Tuesday, September 22, 2009

Are we going backward or forward? (Rosh Hashanah 31a)

If you’ve ever wondered where the psalms recited at the close of the morning prayers – one for each day of the week – come from and why they were chosen, it’s explained in Rosh Hashanah 31a. R. Yehudah in the name of R. Akiba tell us that each of the psalms – Sunday Psalm 24; Monday Psalm 38; Tuesday Psalm 82; Wednesday Psalm 94; Thursday Psalm 81; Friday Psalm 93; and Shabbat Psalm 92 – mirrors the essential creative act of the corresponding day during the first week. Shabbat, however, is different because it is a yom she-kulo shabbat: Psalm 92 speaks to the future messianic time which will be one long shabbat.

A dissenting opinion is offered: R. Nechemiah holds that Psalm 92 also reflects the first week of creation, and recalls God’s rest on the seventh day. All the morning psalms are a rehearsal of the first week of creation. In that sense, all our days hearken back to the first days of creation.

Who is correct? R. Yehudah (in the name of R. Akiba) or R. Nechemiah? Is shabbat about the past or the future? When we keep shabbat, are we looking backward to a past paradise or forward to future redemption?

The Gemara seems to change the subject at this point, but perhaps that’s not at all the case.
With the musaf offerings on shabbat, what would [the Levites] recite? Rav Anan bar Rava sid in the name of Rav: HaZYV LaCH. Rav Chanan bar Rava said in the name of Rav: In the manner that it is divided here, so are they divided in the synagogue.
“HaZYV LaCH” is an acronym for Shirat-Moshe (the Song of Moses) in Parshat Ha’azinu, which we read this week, divided into six sections. Gemara tells us it was divided up in the same manner it was divided for aliyot for reading in synagogue and read at the time of the musaf sacrifice (the additional sacrifice made on shabbat) during the Second Temple period. Why Ha’azinu? We are not told.

Ha’azinu recalls in poetic terms Israel’s unfaithfulness to God throughout the years of the wilderness wandering. God guided them, but they went astray, following after idols. God saw and was vexed and spurned his sons and his daughters (Dt. 32:19). Really? Despite their misdeeds and disloyalty, the Lord will vindicate his people and take revenge for his servants when God sees that their might is gone and neither bond nor free is left (Dt. 32:36). The shirah ends on this note:
O nations, acclaim God’s people!
For God will avenge the blood of God’s servants,
Wreak vengeance on God’s foes,
And cleanse the land of God’s people.
The message we are left with is that when all is said and done – even after Israel’s perfidy and betrayal – God will vindicate, defend, and avenge Israel against her enemies. God is wholly on Israel’s side, and redemption is ultimately assured.

Gemara continues:
At minchah on shabbat, what did [the Levites] recite? R. Yochanan said: Az yashir [Exodus 15:1-10] and Mi chamocha [Exodus 15:11-18] and Az yashir [Numbers 21:17-20].
When the afternoon offering is made, the first two of the three accompanying passages are the first and second halves of Shirat HaYam, the song of redemption realized that the Israelites sang at the shores of the Reed Sea. The third is a short passage from the Book of Numbers. The Israelites have been suffering from thirst and God provides a well in the wilderness.
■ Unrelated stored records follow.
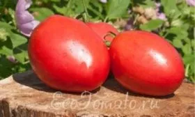 Плоды — визитная карточка этого сорта. Их невозможно спутать с другими благодаря выразительной грушевидной форме со слабой ребристостью. В стадии полной зрелости они приобретают насыщенный малиновый цвет, а не классический красный.
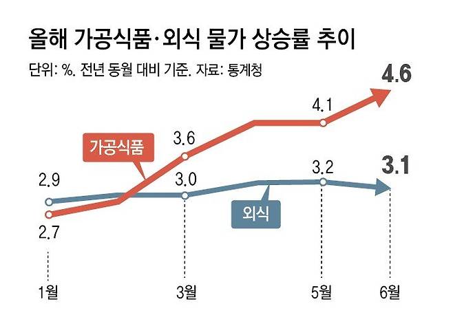 먹거리가 전체 물가 상승률을 크게 웃도는 오름세를 이어가면서 전체 물가를 끌어올렸다. 이재명 대통령이 “한 개에 2000원 한다는데 진짜냐”고 물었던 라면값은 지난달에도 전년보다 6.9% 올랐다. 2023년 9월(7.2%) 이후 가장 큰 상승 폭이다. 라면 가격은 올 4월부터 전년 동월 대비로 5% 넘는 상승률을 이어가고 있다.
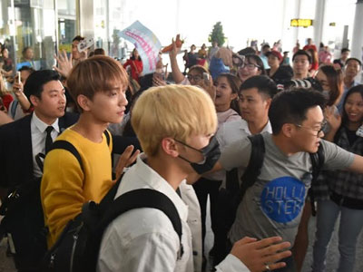 Các thành viên Seventeen vừa hạ cánh xuống sân bay Nội Bài. Rất nhiều fan cầm theo cà rốt để chào đón nhóm nhạc 13 thành viên.
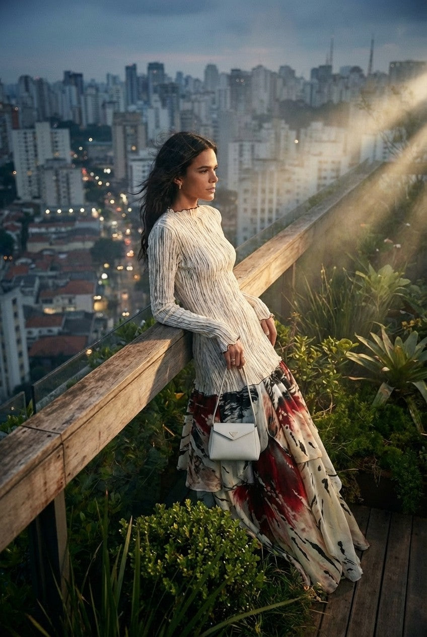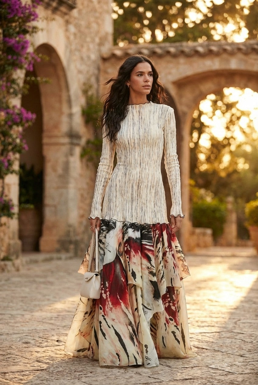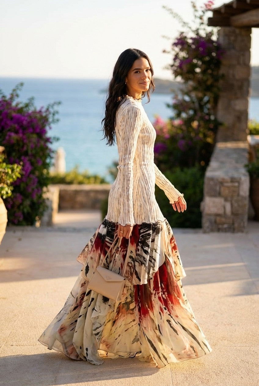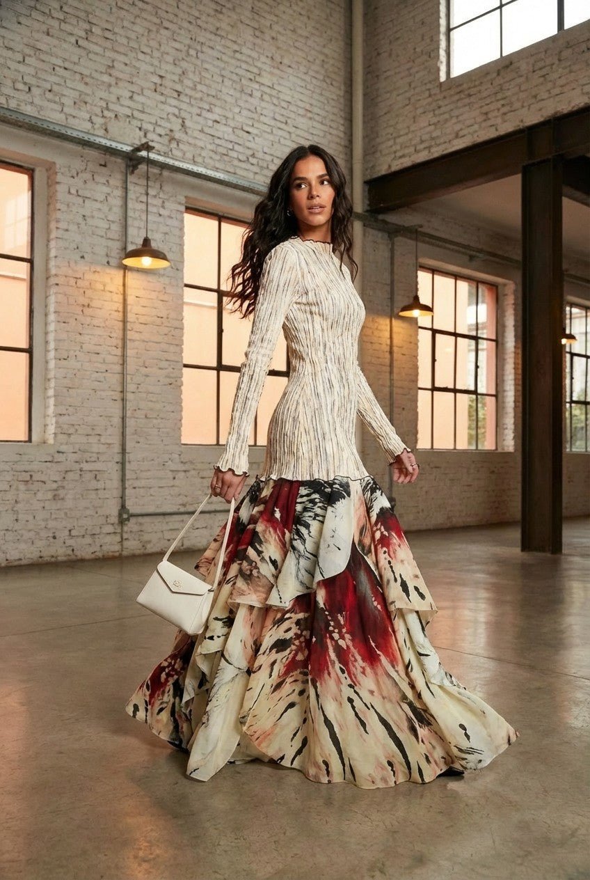 Dramatic Silhouette: A voluminous, tiered ruffle skirt in a bold abstract print offers ethereal motion and high-impact style with every step.
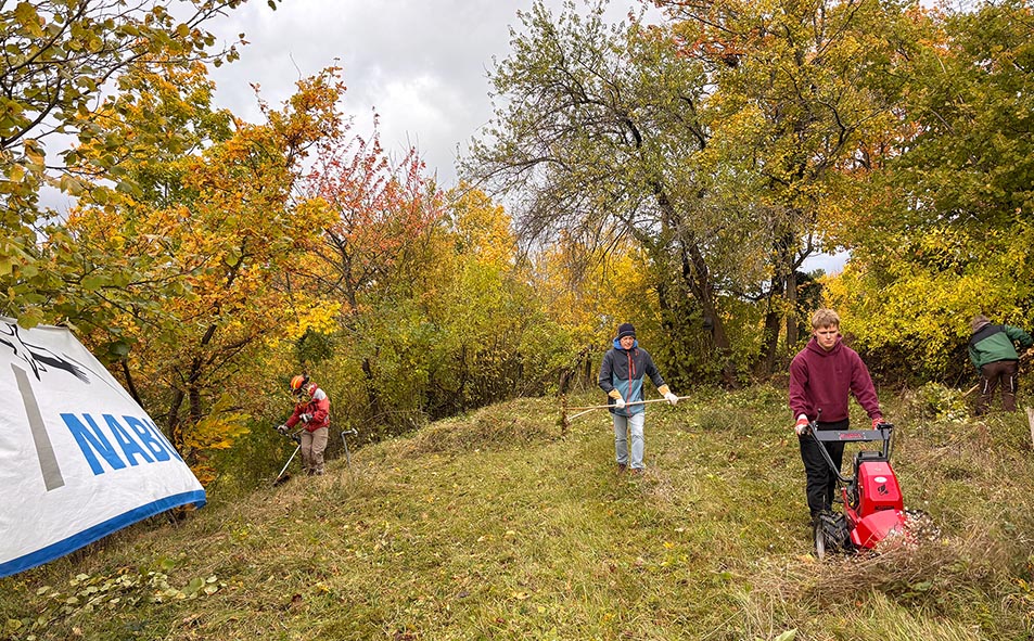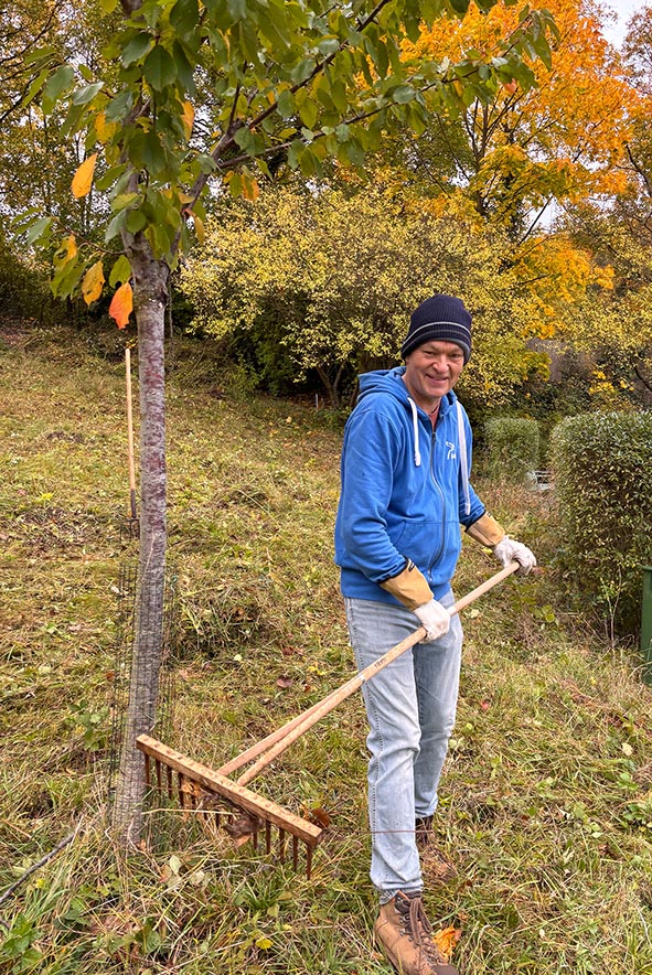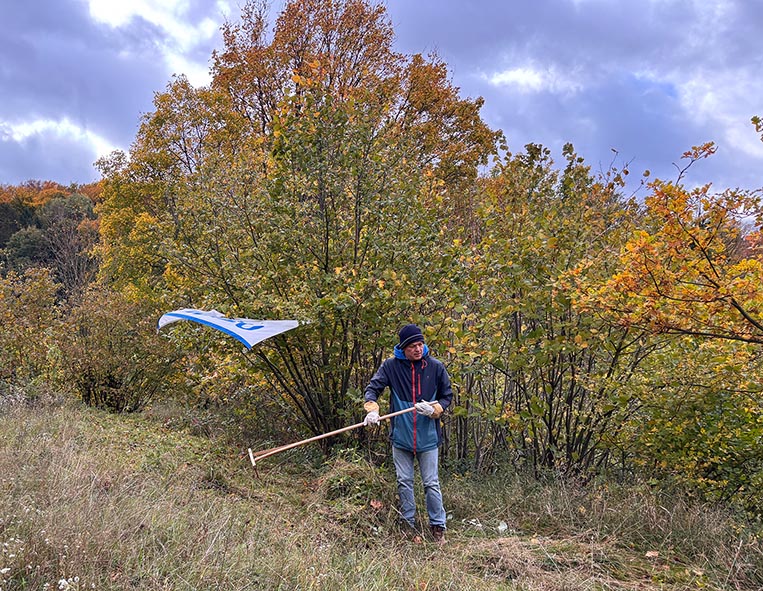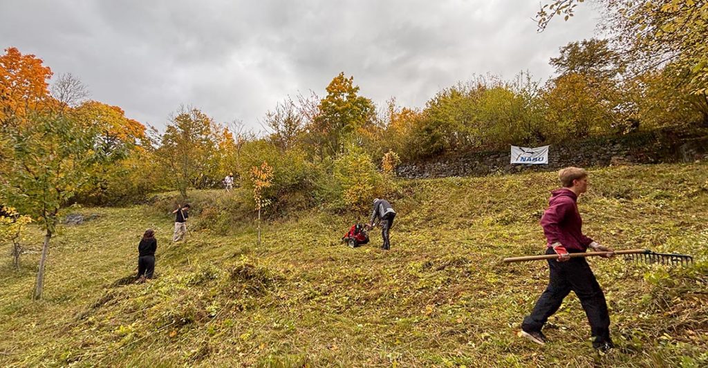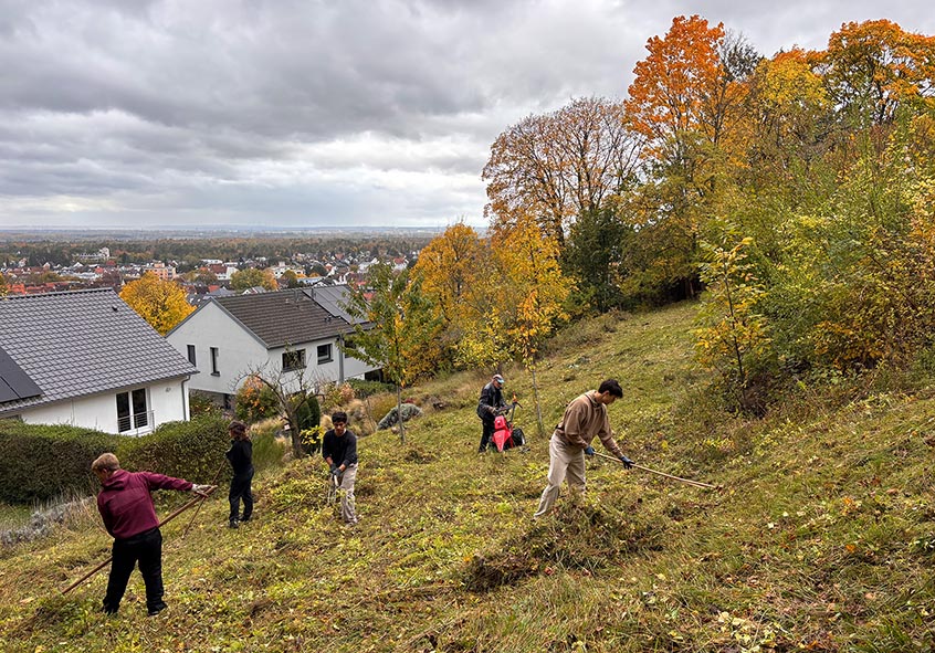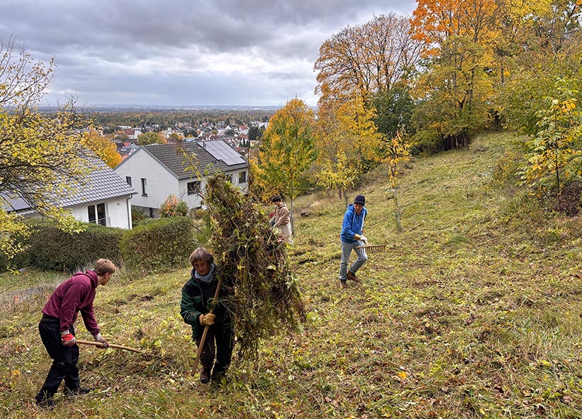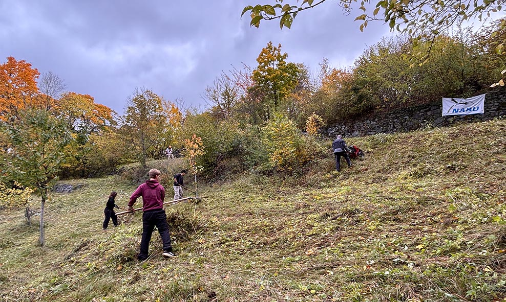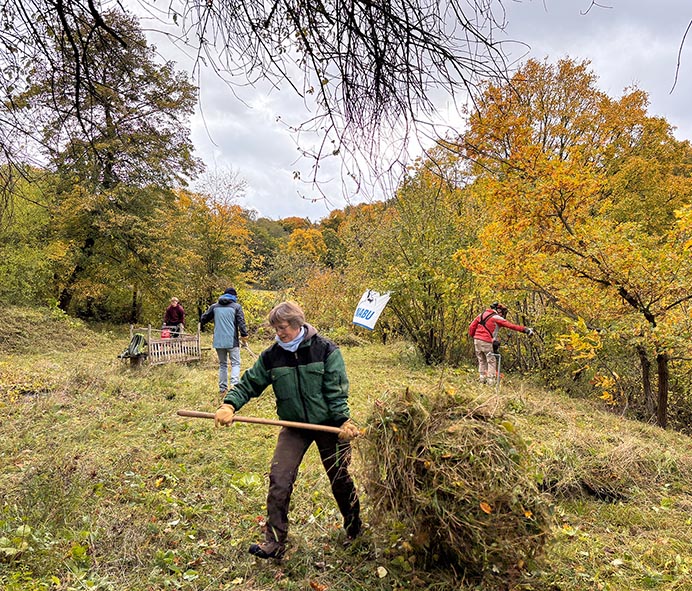 Wegen der ausgefallenen Beweidung durch unsere Schafe muss dieses Mal besonders viel Pflanzenmaterial von der Fläche gebracht werden. Das schaffen wir aber gut, weil viele Helferinnen und Helfer da sind.
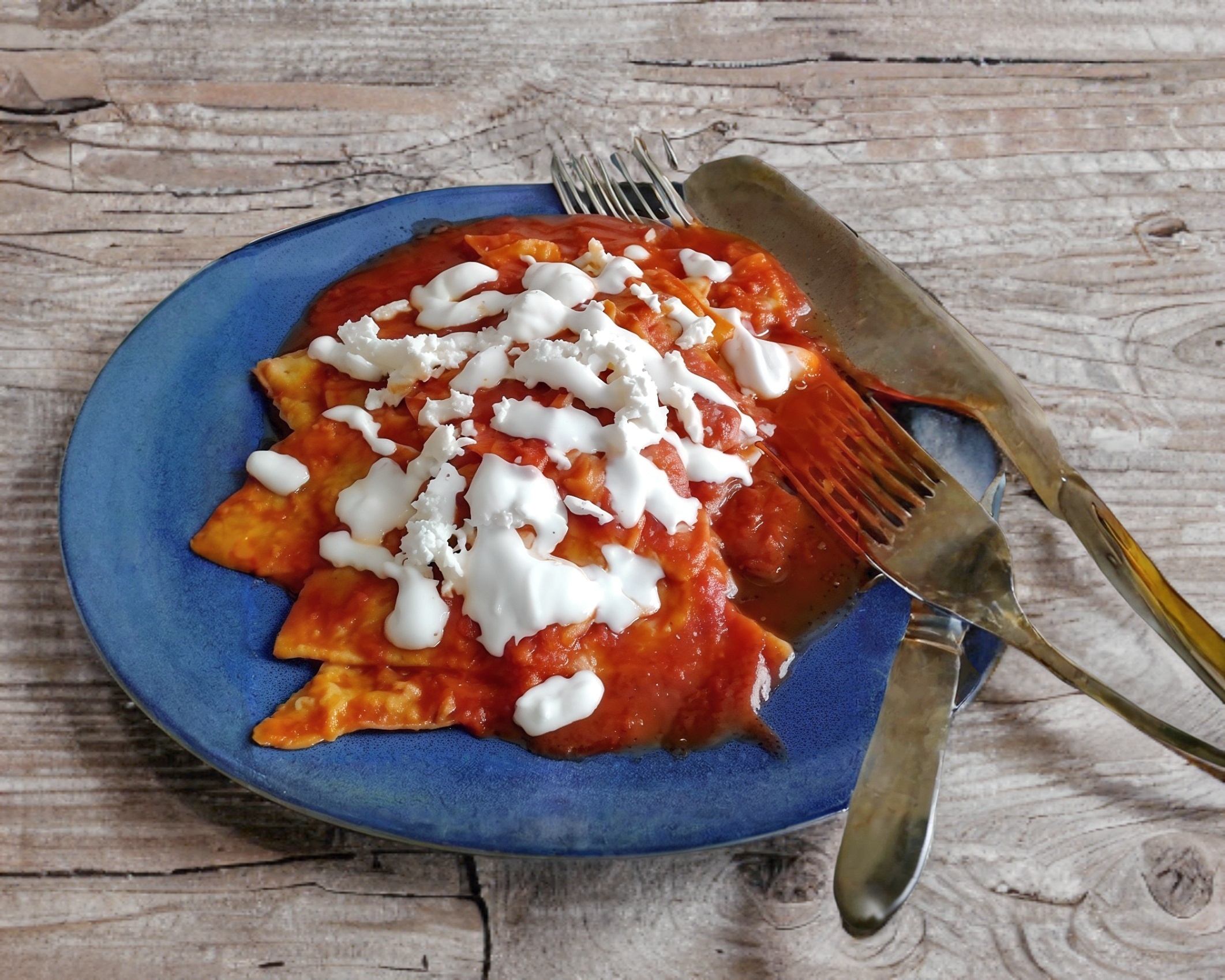 Totopos bañados en salsa roja y acompañado con queso, crema y arroz , frijoles un huevo estrellado y un refresco (Porción personal)

Musaf, then, is accompanied by Ha’azinu’s promise of God’s vindication. Minchah, which closes out shabbat, is accompanied by passages that evoke a memory of redemption realized. We look back in order to see the way forward.

I have often pondered Jews whose only connection to Judaism is the past or the future. There are those who come to shul only on the High Holy Days and perhaps attend a Pesach seder, but no more, and they say they check in twice yearly because of a parent or grandparent, or Jewish history, or the Holocaust. It’s all about the past. There are also those whose connection to Judaism is solely in terms of social justice: their brand of being Jewish is to work toward causes they feel mirror Jewish values. I respect both reasons, but neither alone bespeak a full Jewish life to me. Jewish life is lived in the present – in the here and now, day in and day out, with other Jews, with Torah, with God. I think Gemara is pointing us in the right direction: shabbat is not wholly about the past (God’s rest on the seventh day) nor wholly about the future (yom she-kulo shabbat) – but both are crucially necessary to live a full Jewish life in the present. We look back in order to see the way forward and thereby follow the path now.